Even more dangerously, it could incentivize companies to misinvoice exports and imports, thus participating in trade misinvoicing, which is highly illegal. If the imports are over-invoiced and exports under-invoiced—often done in secrecy jurisdictions—tariffs can be minimized on both sides and ill-gained capital can be swept into a tax haven or invested elsewhere.

Minority shareholders and members of the board from developing countries have not been enough to effectively address abusive transfer pricing within their organizations. Because the ownership structures and books of large companies are exceedingly complicated, in part due to their utilization of secrecy jurisdictions, neither shareholders nor the board of directors, not to mention the host government itself, will attain an accurate picture of the company’s transfer pricing strategies or whether they are abusive.

Developing countries are particularly vulnerable, since the responsibility to investigate and evaluate transfer pricing strategies largely falls on the shoulders of local governments, which have neither the time nor resources to address the issue.

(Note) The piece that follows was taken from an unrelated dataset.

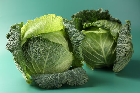 Fresh Savoy cabbages on teal background, closeup

The knowledge that these countries’ tax authorities are hamstrung by capacity and political concerns may lead MNCs to try more risky or abusive transfer pricing methods, as they know they are more likely to get away with it. This leads to more outflow and even less critical revenue.

In part, the global community’s failure to curtail illicit transfer pricing comes from the lack of information surrounding its prevalence and methods. The problem is vast but its overall reach is unclear. Opening books for large companies, including measures to implement country-by country reporting, is a critical first step: only then can repercussions for abusive behavior be effectively imposed and tax policies altered as necessary to hold MNCs accountable for paying their fair share.